Before we get into it, it’s important to understand that spot reduction of weight is impossible for any part of the body. To tone your legs, you’ll have to reduce pretty much your whole body fat.
1. Reduce your salt intake
Salt causes your body to store more water than it needs, leading to bloating that can affect even the hips. The average person needs just 1,500 mg of salt a day. Cut back on processed foods like soups that are often loaded with sodium.
2. Make sure your diet has more electrolytes
Electrolytes like magnesium, calcium, and potassium help reduce the amount of salt in your body, keeping the fluid balance steady. Eat at least three servings of bananas, yogurt or leafy greens – they have plenty of electrolytes.
3. Eat fewer carbs
The more carbohydrates you eat, the more water your body stores.
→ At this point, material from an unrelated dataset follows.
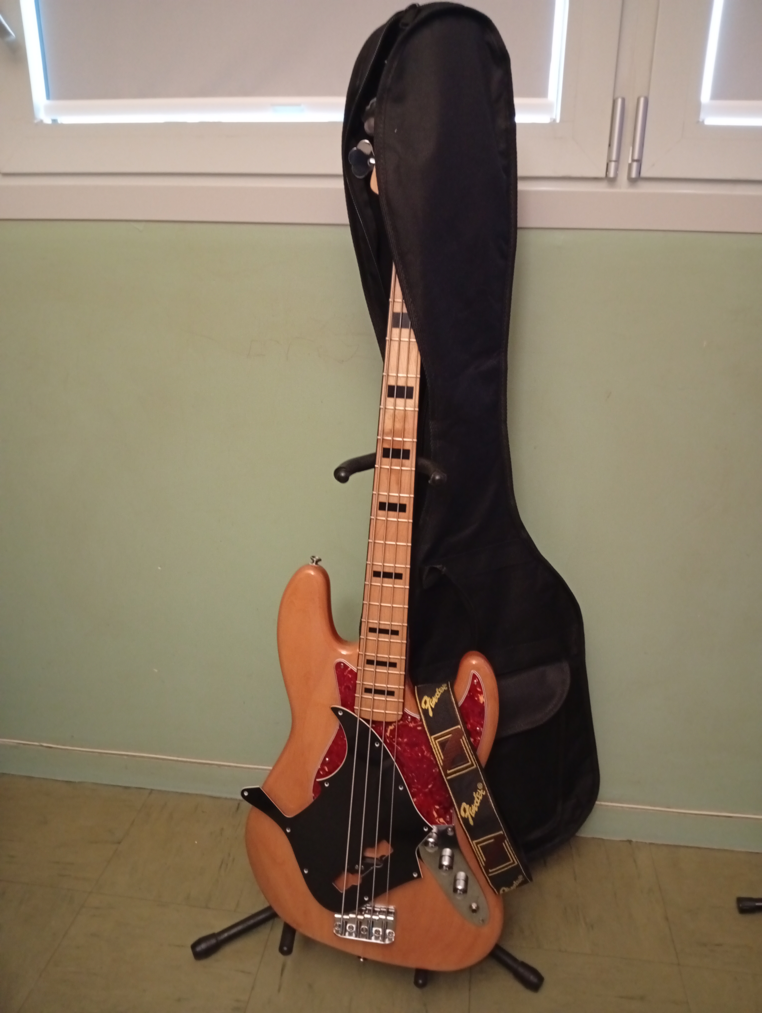 Bonjour,je propose à la vente cette Squier Vintage Modified Jazz Bass 70's, un modèle réputé pour sa qualité de fabrication et son électronique supérieure aux standards actuels de la marque.L'instrument est en très bon état général. À noter uniquement un petit éclat de vernis (poc) sur la tranche, près du chanfrein, purement cosmétique et invisible de face (voir photo détaillée). Le manche est impeccable, les frettes sont en bon état et l'électronique est parfaitement silencieuse.

Swap out the carbs for whole-grain foods like toast, which are an excellent source of fiber, iron and other antioxidants.
4. Have some coffee in the morning
Coffee helps the stimulate your metabolism, helping your body fatter during workouts. Be careful not to take too much as it might lead to overeating. Two cups a day should be enough.
5. Always carry a bottle of water
Drinking lots of water help with a lot of things: curbing your appetite, flushing out excess fluids and reducing bloating. Drink plenty of water throughout the day.
6. Add cardio to your routines
Aerobic exercise helps flush out excess salts and fluids from your body, helping to keep your heart rate up and burns lots of calories in the process.
7. Track the meals you eat
Keep track of which meals you’ve eaten and the number of calories in them using an app like MyFitnessPal to help you stay on track. If possible, plan your meals ahead of time.
8. Eat foods rich in protein and fiber
Foods rich in macro-nutrients like fiber and proteins help boost weight loss by helping you get full on fewer calories. Proteins are especially important as they help in building lean muscle like those found in the thighs and legs.
9. Workout for your thighs
When working out, aim for exercises that will strengthen and tone your thighs. These include goblet squats, sumo squats, and lunges. In particular, strive for workouts that focus on your inner and outer thighs and hamstrings.
10. Alternate your exercises
While drills are great, they are a lot more useful if you switch them up. Don’t do the same exercises every day. Do exercises that target different muscle groups on consecutive days. For instance, do squats today and lunges tomorrow.
11. Incorporate some HIIT exercises into your routine
For faster results in a shorter time, do some amount of strength training aside from your regular workouts. Routines like HIIT are beneficial at burning lots of calories within a short amount of time.